The city of Goldfield, in Nevada, was built in 1902, around mines which, at the time, produced more than ten million gold. After a series of labor disputes, fires and floods, the Goldfield mines ceased operations in 1920 and caused a severe economic crisis which consequently led to the exodus of the population. Curiously, the town became famous for Goldfield Hotel, according to experts on paranormal phenomena, one of the most haunted buildings in the world. Everything would seem linked to its old owner and to the sad and bloody story that had him as protagonist. George Winfield, the wealthy owner of the Goldfield Hotel, saw his existence change around 1930; a prostitute named Elisabeth became pregnant, claiming the baby was from Winfield. For a while he paid the woman for her silence, but when it was no longer possible, he lured Elisabeth into room 109 of the hotel and chained her to a radiator. The woman remained tied up, supplied with food and water, until the baby was born. According to some Elisabeth died in childbirth, according to others she was murdered by Winfield who then threw the newborn baby into an open well.
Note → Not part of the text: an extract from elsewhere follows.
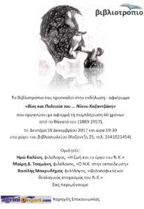 Την Δευτέρα στις 19:30 το βιβλιοπωλείο Βιβλιοτρόπιο διοργανώνει εκδήλωση-αφιέρωμα στον Νίκο Καζαντζάκη με τίτλο “Βίος και πολιτεία του . . . Νίκου Καζαντζάκη”.

After these sad events Winfield's health deteriorated, possibly due to the rumors of his murdered mistress who kept visiting him. Elisabeth, described with flowing hair and in a white and terribly sad dress, is said to pass through the hotel halls calling her child; under the hotel it seems one can still hear the cry of a child. Could it be true?



Rhyolite, Nevada

Approximately 120 miles NW of Las Vegas, near the Death Valley, lies the ghost town of Rhyolite, of Nye County, in Nevada.
It was born in early 1905 as a mining camp. During the so-called "Gold Rush", building contractors, gold prospectors and miners settled in the Bullfrog mining district and many of them settled in Rhyolite because it was located in a sheltered desert hollow near the Montgomery Shoshone mine. This mine was bought in 1906 by the industrialist Charles M. Schwab who invested many resources in infrastructures, brought electricity, water and railways, both for the mine and for the city; already in 1907 the city of Rhyolite was equipped, in addition toelectric energy, even water along the streets, the telephone, a hospital, a school, newspapers, the theater and even a stock exchange. But as it grew, so quickly the city declined: the precious minerals ran out and consequently production dropped forcing the population of Rhyolite to relocate. After 1920 what was left of Rhyolite became tourist attraction, set for productions film.